* _Exercise data_
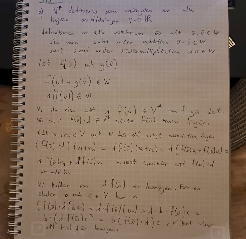 Bedinsis skrev:De har satt in att "detta kallas för dualrum" som en parentes i uppgiften, så definitionen av dualrum är den beskriven i uppgiften.
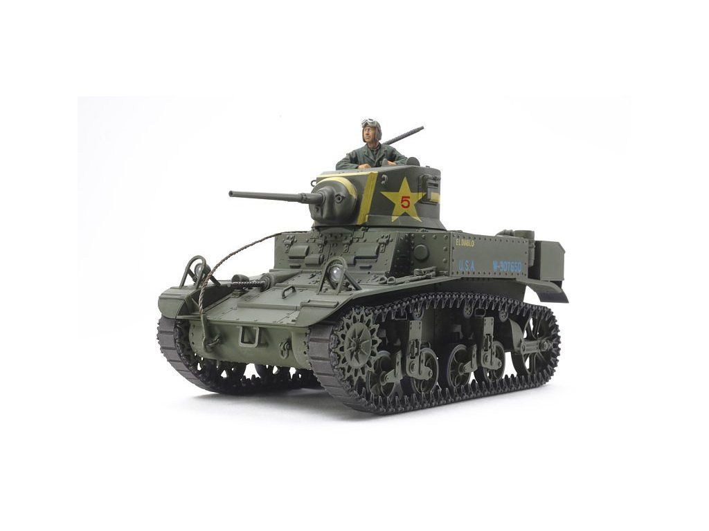 Stavebnice plastikového modelu amerického lehkého tanku ze 2. světové války.
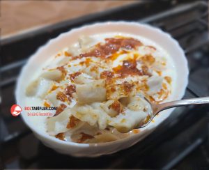 11. Pişen mantıları kevgir yardımı ile servis tabağına alalım.
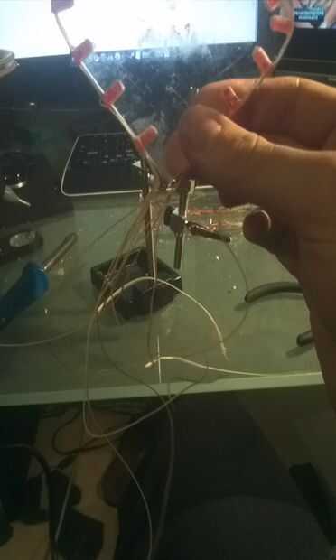Luego doblar todos sus ánodos (o cátodos) en una dirección a conectar más tarde.

* _Problem statement_
Your reply should give again exactly the lines from the one with "11. Pişen mantıları" through the last line of the data, with both ends included and pictures left out.

* _Exercise result_
 11. Pişen mantıları kevgir yardımı ile servis tabağına alalım.
Luego doblar todos sus ánodos (o cátodos) en una dirección a conectar más tarde.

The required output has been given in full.